Mitch McConnell and Amy Coney Barrett
Senate Majority Leader Mitch McConnell meets with Seventh U.S. Circuit Court Judge Amy Coney Barrett, President Donald Trump's nominee for the U.S. Supreme Court, on Capitol Hill on September 29 in Washington, D.C. Susan Walsh-Pool/Getty

Because justices have life tenure and cannot be removed from the court without impeachment, the only way to change the political composition of the court is to increase the number of justices. One can imagine a Supreme Court of lifetime appointees that in size and importance resembles the British House of Lords, now about 800 members strong. In this world, power prevails over consistency and custom. In this world, there is only one answer to the question, Why does McConnell think it acceptable to refuse even a hearing to Garland but confirm Barrett? The answer, of course, is because he could. If the Democrats play tit-for-tat, McConnell's checkerboard policies will not end well for the Supreme Court or for the Republicans.

What message does this send to the American people and to young people studying our government in schools and colleges, who fruitlessly try to discern the principle on which our elected and appointed officials act? The message is this: The Constitution can be endlessly interpreted and distorted as much as possible for political advantage. The Senate—the body where the Founders intended that consistency and custom should reside—has abandoned these qualities, not for any deep reason of principle, but for the mere sake of ensuring the ability to ignore principles remains.

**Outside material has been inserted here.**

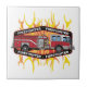 O carro de bombeiros bonito é o foco deste presente do sapador-bombeiro! Viatura de incêndio vermelha do fogo com fundo da chama! O texto do SAPADOR-BOMBEIRO cerca o carro de bombeiros com grande fundo da chama! Prefeito para sapadores-bombeiros, família e quartéis dos bombeiros!

To Barrett, who has Ginsburg to thank in more ways than one for her likely accession to the high court, may you cleave to the vision of equality that is embedded in our Constitution and recognized in our precedent and our traditions. And to the Notorious RBG, who at last resides in a place of principled consistency, we hope the Supreme Court, including the women and men who preside over it, continues to fulfill your vision as a place where justice can be done.

Claire O. Finkelstein is the Algernon Biddle professor of law and professor of philosophy at the University of Pennsylvania, where she is the faculty director of the Center for Ethics and the Rule of Law. Richard W. Painter is a professor at the University of Minnesota Law School and was the chief White House ethics lawyer under President George W. Bush. He is the author (with Peter Golenbock) of American Nero: The History of the Destruction of the Rule of Law in America and Why Trump is the Worst Offender.

The views expressed in this article are the authors' own.